Вряд ли Фауне очень нравилось это путешествие. Ее пугало мерное покачивание «летающей кареты», запряженной четырьмя могучими лошадьми; настораживала необычность местности, через которую они проезжали. Миля за милей тянулись пустынные заброшенные пастбища, темные леса, холмы, горы и долины, небольшие деревенские селения. Кучера непрестанно орали и переругивались, а когда меняли лошадей в Ньюбери[13], мертвецки напились. Заночевали они там же. Лорда Памфри принимали в «Голове сарацина» как почетного гостя. Фауна спала в помещении для слуг, и, поскольку кровать там оказалась всего одна, пришлось Фауне разделить ее с неопрятной судомойкой, искусанной клопами. Девочке было неудобно и противно. Однако, уставшая от волнения и новых впечатлений, она очень скоро заснула.
Ранним ясным июньским утром они на всех парах устремились к Лондону, обогнав бристольскую почтовую карету, которую, как сообщил Фауне лорд Памфри, совсем недавно ограбили разбойники.
— Мда, страна катится ко всем чертям, Букашка, — задумчиво проговорил он, снова употребив эту забавную кличку. — Разве это не возмутительно, что в 1797 году приличным людям нельзя отправиться в поездку без страха быть ограбленными!

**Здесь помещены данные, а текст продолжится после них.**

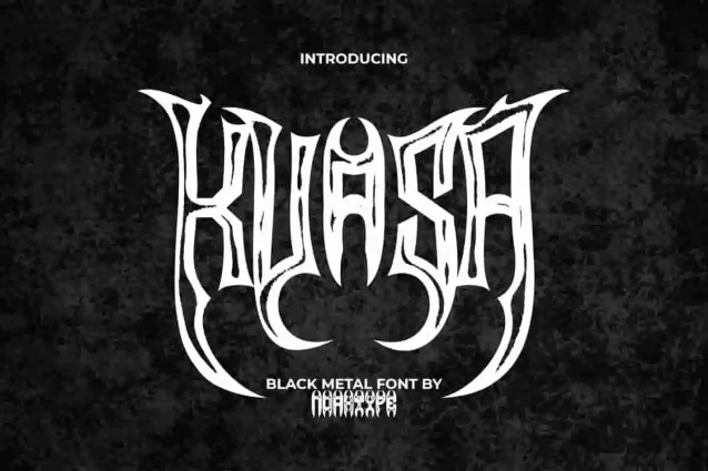 Kuasa Font is a unique and decorative Black Metal font by NoahType. This font character is made with enough detail so that it can give a creepy and deadly look to any design. It will be good for any designs, such as custom design, brand image, poster, label, invitation, cover, marketing material, menu, printing, product packaging, quotes, signage, website, and many more!
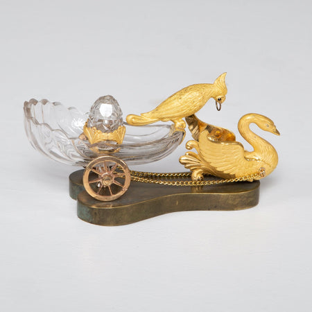 Small showcase object of a chariot with a cockatoo, which is pulled by a swan. An egg-shaped case is mounted on the cut glass chariot. Bronze, partly fire-gilded.
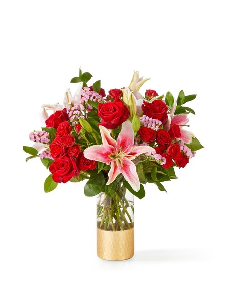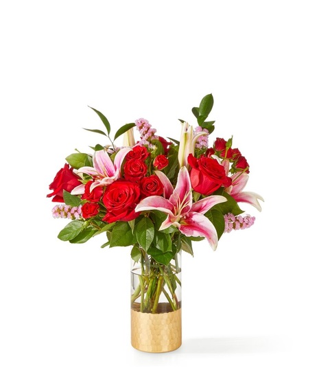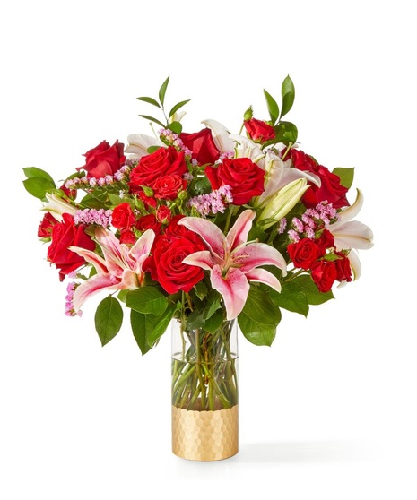 Fragrant Stargazer Lilies, standard and miniature red roses, accent flowers and greenery arrive in a clear cylinder vase featuring a gold honeycomb hammered band around the base. It makes a uniquely elegant way to express what's in your heart, this Valentine's Day.
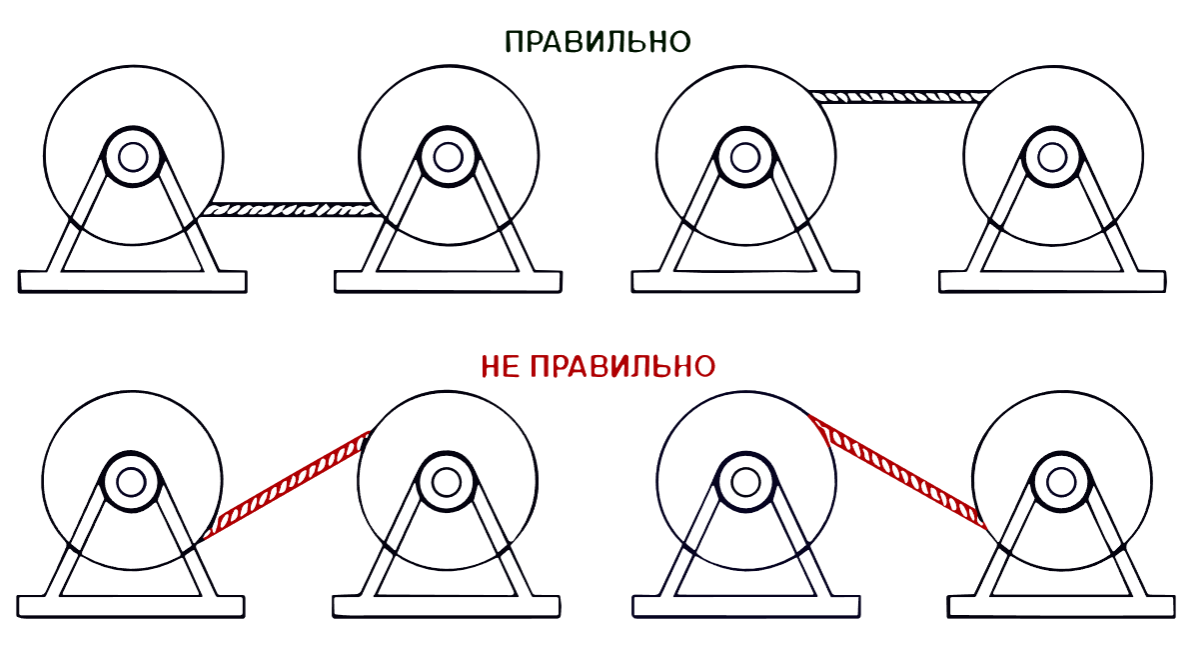 Расстояние между барабанами должно быть не менее 300 диаметров каната. В процессе монтажа канат должен претерпевать минимальное количество перегибов, особенно знакопеременных.
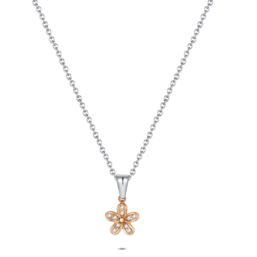 Collier en acier poli, pendentif en forme de fleur avec zircone. Idéal pour les occasions décontractées et festives.
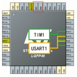 复用功能重映射:将冲突的复用功能移动到备用引脚上去
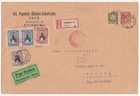 Germany 1926 Oversized Hamburg – Bogota SCADTA Commercial Cover

Больше он ничего не сказал. А Фауна ни о чем и не спрашивала, ведь ее очень заинтересовал джентльмен, подсевший к ним в карету в Ньюбери, — молодой музыкант, который ехал к своему оркестру при дворе наследного принца.
Молодой человек достал флейту и заиграл, чтобы скрасить долгое утомительное путешествие, а заодно и порепетировать. Мелодия была красивой, и Фауна, забыв обо всем, начала в такт двигать руками и ногами, тихо напевать. Ее движения были настолько грациозны, а в напеве чувствовалась такая безусловная музыкальность, что лорд и музыкант стали внимательно наблюдать за ней. Милорд снова громко рассмеялся от удовольствия и произнес с чувством:
— Ей-Богу, я купил миледи Фауну, которая заливается жаворонком и танцует, словно нимфа. Браво, Букашка! У тебя огромный талант.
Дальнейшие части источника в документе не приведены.